My sheets look like a crime scene.
They had a "who can aim further away from the toilet" contest. I'm now washing piss off my ceiling.
He tried to say "god bless your heart" to the stripper but it came out "god bless your pussy"
I had to download the flashlight app so I could finish taking a dump when the power went out.
I NEVER left your party last night of anyone asks.
Yeah, I didn't wake up handcuffed to my bed either.
I just woke up eating some beef jerky with my cat. I think she opened the bag for us.
So the bump is from hitting my head in an elevator. Apparently I dived into a cab head first too.....
Im going to bed. I'm seeing 7 of everything and my world smells like gravy
I woke up naked on his boat with a cowboy hat on with a boat cover over me... Thank you tequila!
I don't care how much you're grieving a loss, masturbating off the side of a roof is not acceptable mourning behavior.
I am walking funny today.
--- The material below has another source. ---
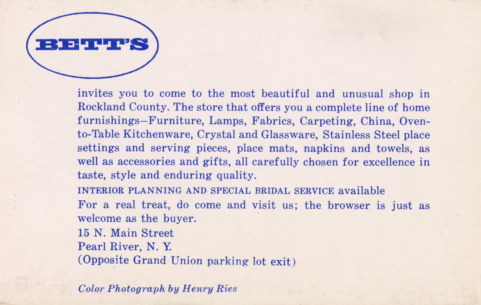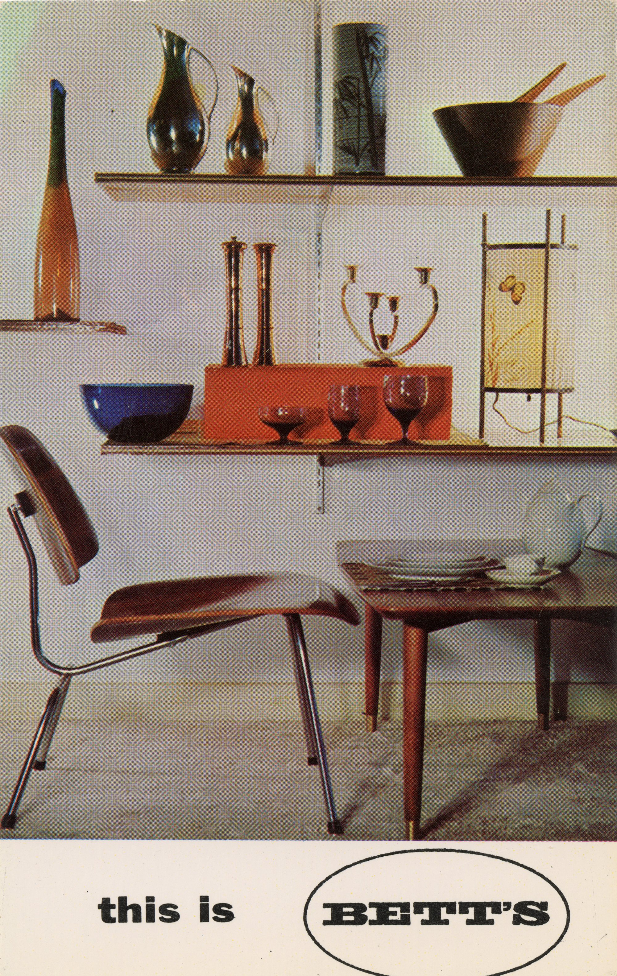 Long before Etsy and eBay, when “mid-century modern” was simply “modern,” in lots of places it looked just like this. Amidst a somewhat generic selection of glass, lighting, ceramics, and dinnerware, an Eames LCM takes center stage. During this period, Herman Miller, in addition to fulfilling orders through its own showrooms and sales force, also offered furniture through retailers such as Bett’s. With no space given for a message, address, or postage, this postcard was likely offered as an in-store promotional item or distributed at other nearby locations to help drum up interest and sales.

And it's sad because it's from the bad encounter with the sidewalk rather than a good encounter with a stripper
I'm to sober to make life ruining decisions and alcohol is to expensive at this bar for me to fear that level of drunk happening
I just had sex with the male version of myself. looks, mindset, even our boob to dick ratio was the same
I find him attractive in the absolute weirdest way. Like I need him to do my taxes, but I also feel like I should spill things on him to gain his attention and then lick it off to gain his affection.
Like I said, all hypothetical...unless, of course, you'd be into that. My heart may skip a beat.